TASK PROMPT: When you copy the material below, keep every line exact and leave each picture out.

SOURCE RECORDS:
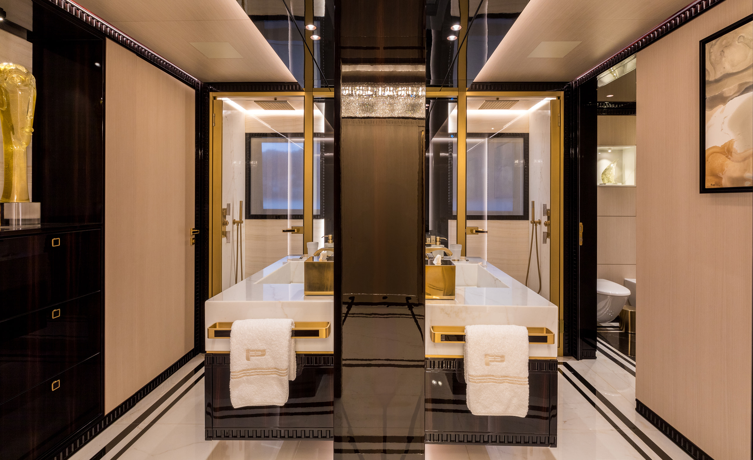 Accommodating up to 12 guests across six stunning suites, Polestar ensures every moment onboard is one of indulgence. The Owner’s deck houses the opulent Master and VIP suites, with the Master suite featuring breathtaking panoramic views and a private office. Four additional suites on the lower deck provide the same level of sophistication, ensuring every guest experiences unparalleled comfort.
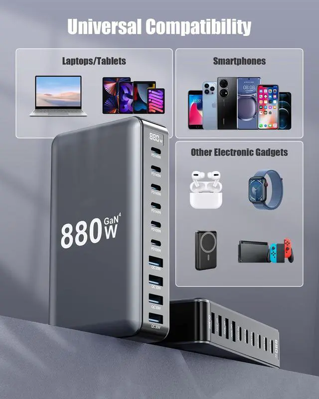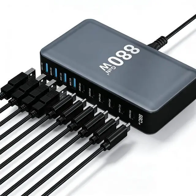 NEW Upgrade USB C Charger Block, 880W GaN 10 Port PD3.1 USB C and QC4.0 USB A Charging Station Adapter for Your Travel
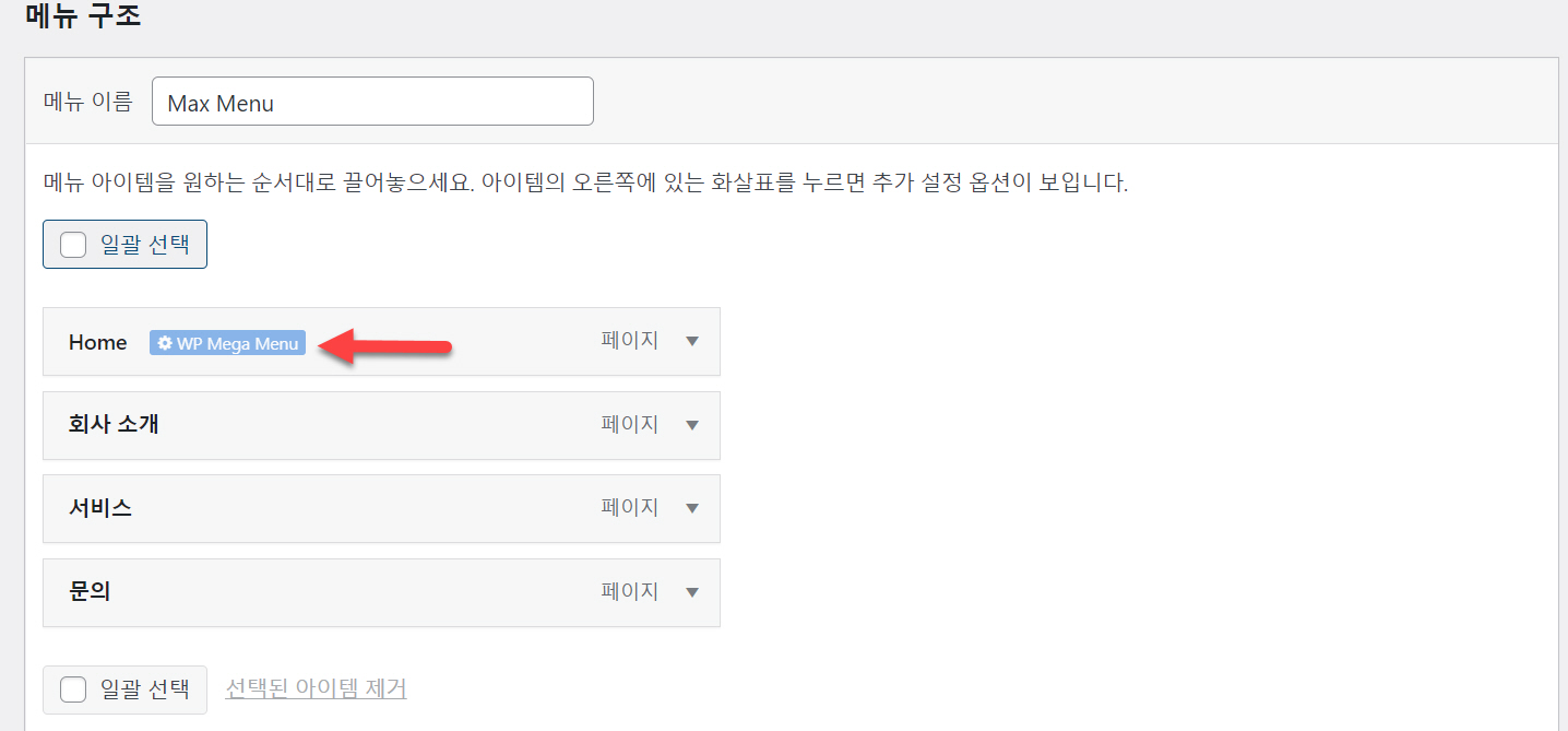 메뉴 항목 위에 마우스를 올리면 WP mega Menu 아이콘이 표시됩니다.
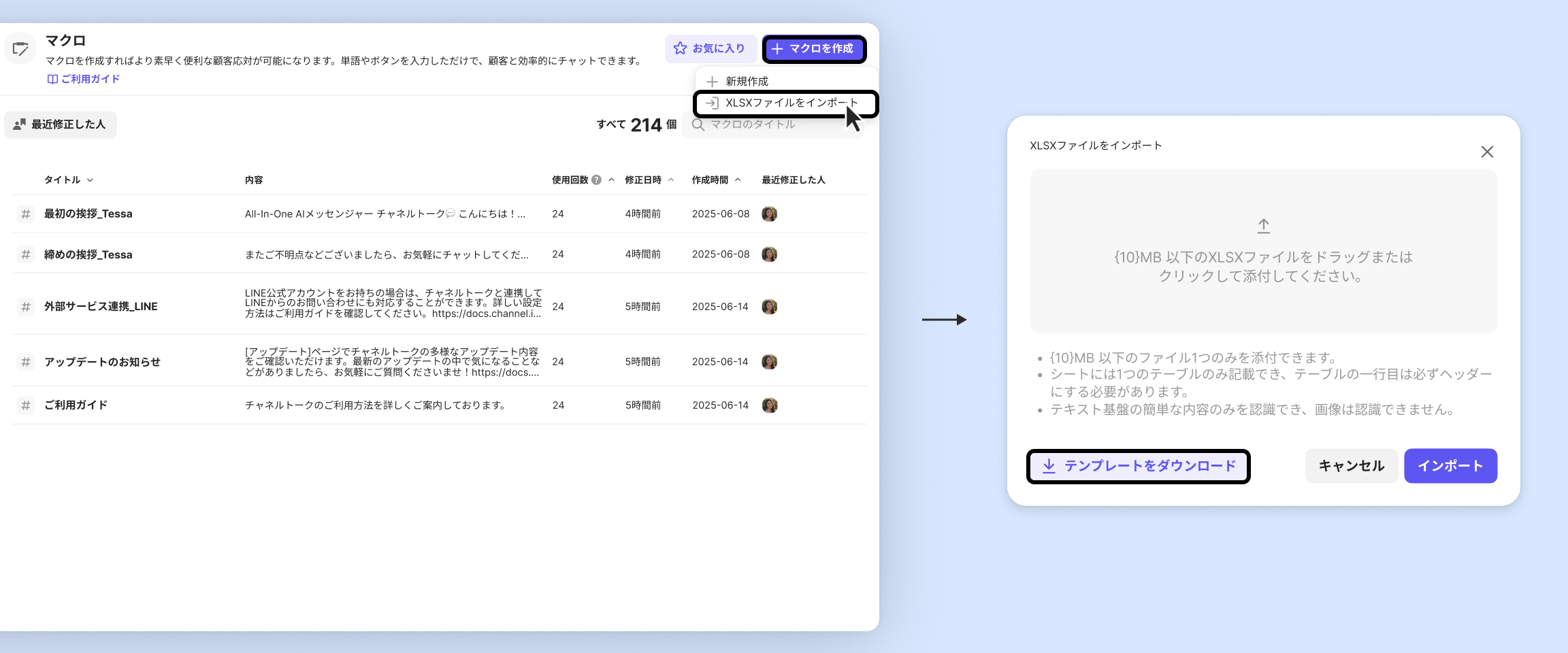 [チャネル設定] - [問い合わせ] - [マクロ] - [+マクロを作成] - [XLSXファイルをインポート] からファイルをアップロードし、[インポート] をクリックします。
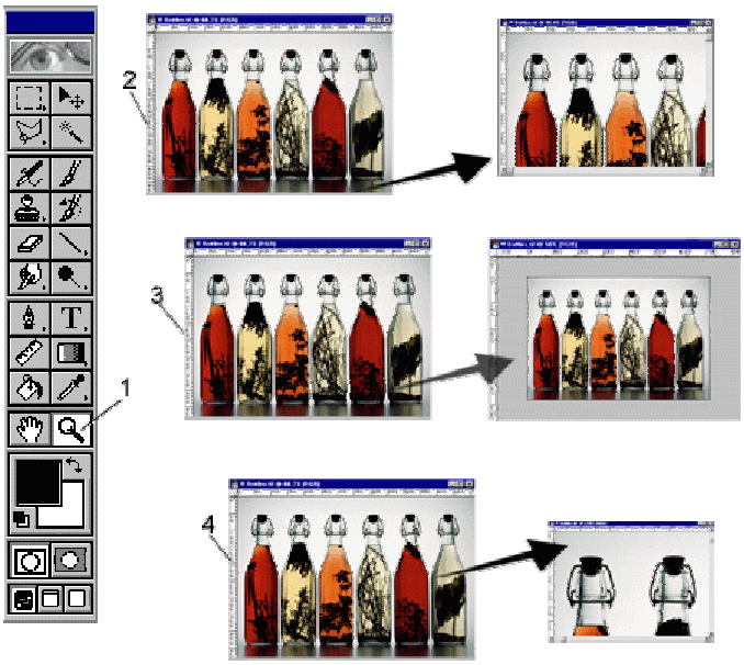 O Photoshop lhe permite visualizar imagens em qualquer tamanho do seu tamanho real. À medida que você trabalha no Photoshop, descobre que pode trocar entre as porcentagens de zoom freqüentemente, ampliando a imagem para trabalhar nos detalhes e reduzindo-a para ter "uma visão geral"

ANSWER TO THIS EXERCISE:
 Accommodating up to 12 guests across six stunning suites, Polestar ensures every moment onboard is one of indulgence. The Owner’s deck houses the opulent Master and VIP suites, with the Master suite featuring breathtaking panoramic views and a private office. Four additional suites on the lower deck provide the same level of sophistication, ensuring every guest experiences unparalleled comfort.
 NEW Upgrade USB C Charger Block, 880W GaN 10 Port PD3.1 USB C and QC4.0 USB A Charging Station Adapter for Your Travel
 메뉴 항목 위에 마우스를 올리면 WP mega Menu 아이콘이 표시됩니다.
 [チャネル設定] - [問い合わせ] - [マクロ] - [+マクロを作成] - [XLSXファイルをインポート] からファイルをアップロードし、[インポート] をクリックします。
 O Photoshop lhe permite visualizar imagens em qualquer tamanho do seu tamanho real. À medida que você trabalha no Photoshop, descobre que pode trocar entre as porcentagens de zoom freqüentemente, ampliando a imagem para trabalhar nos detalhes e reduzindo-a para ter "uma visão geral"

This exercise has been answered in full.